Huntington’s disease clinical trials enrolling in US

Clinical trials testing either tominersen, an experimental therapy designed to target the underlying cause of Huntington’s disease, or dalzanemdor, an oral candidate that aims to improve cognitive abilities, are currently enrolling Huntington’s patients in the U.S.

Updates on the therapies’ clinical programs were provided by representatives of their respective developers during a clinical trials lunch at the Huntington’s Disease Society of America annual convention, held May 30-June 1 in Spokane, Washington.

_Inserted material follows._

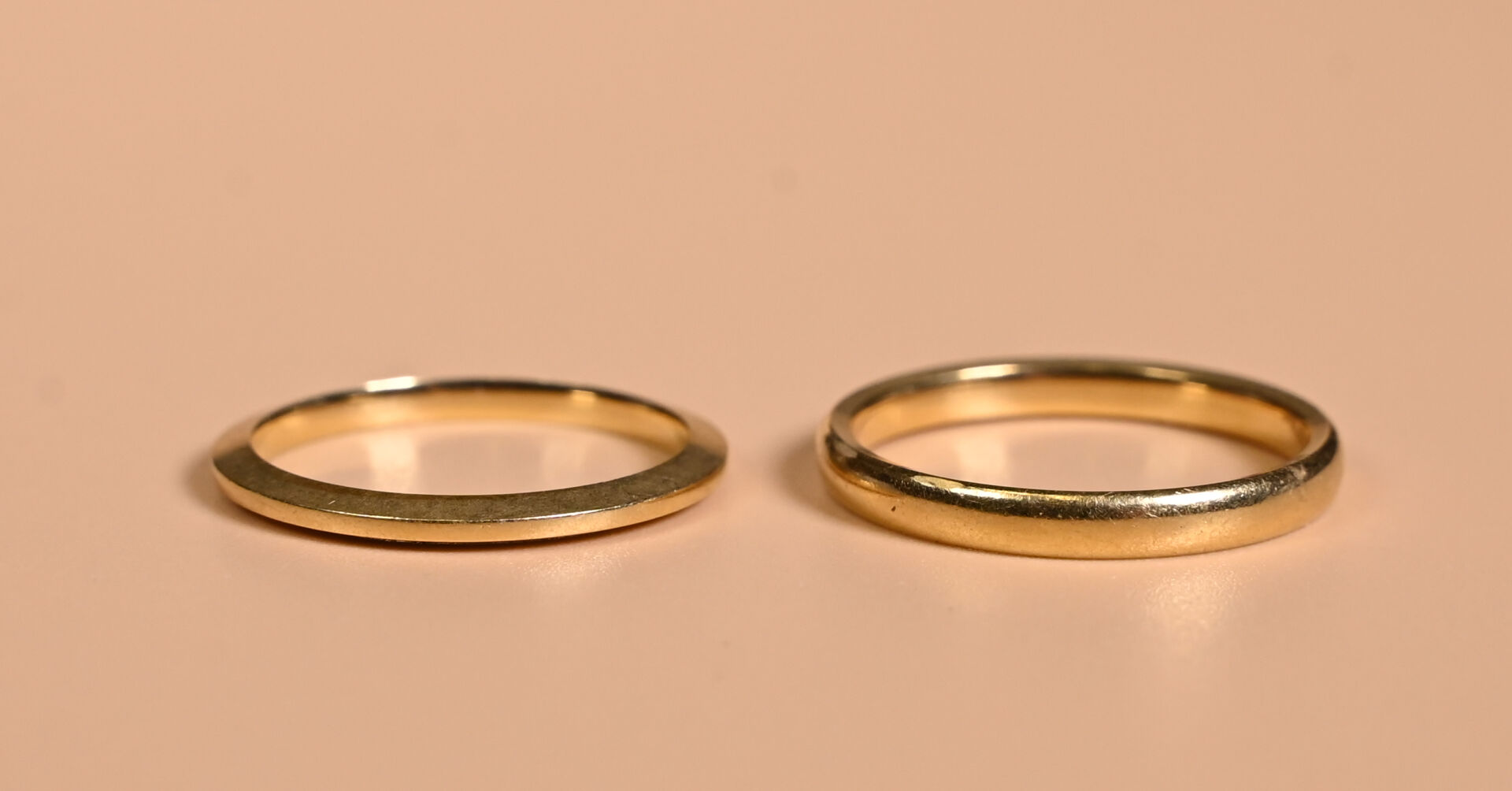 Deux anneaux en or jaune 18K 750/1000e. Poids : 5,36 g.

Huntington’s is caused by mutations in the HTT gene, which results in the production of an abnormal form of the huntingtin protein that is thought to drive nerve cell death and Huntington’s symptoms.

Roche’s tominersen, administered into the spinal canal to reach the brain, is an RNA-based medication that’s designed to reduce levels of both normal and mutated forms of the huntingtin protein.  Data from proof-of-concept trials have indicated that the therapy effectively lowers abnormal huntingtin levels as designed.

To this day, tominersen is the only drug that’s been able to do this.

Sage Therapeutics’ dalzanemdor (formerly SAGE-718) is an oral therapy that aims to help ease one of Huntington’s most troublesome symptoms: cognitive impairment. Dalzanemdor is designed to boost the sensitivity of receptor proteins for a brain signaling molecule called N-methyl-D-aspartate (NMDA). These receptors are known to be involved in nerve cell communication and cognitive function.

By helping to restore NMDA receptors’ activity, dalzanemdor aims to turn the metaphorical switch back up, increasing cognitive capacity.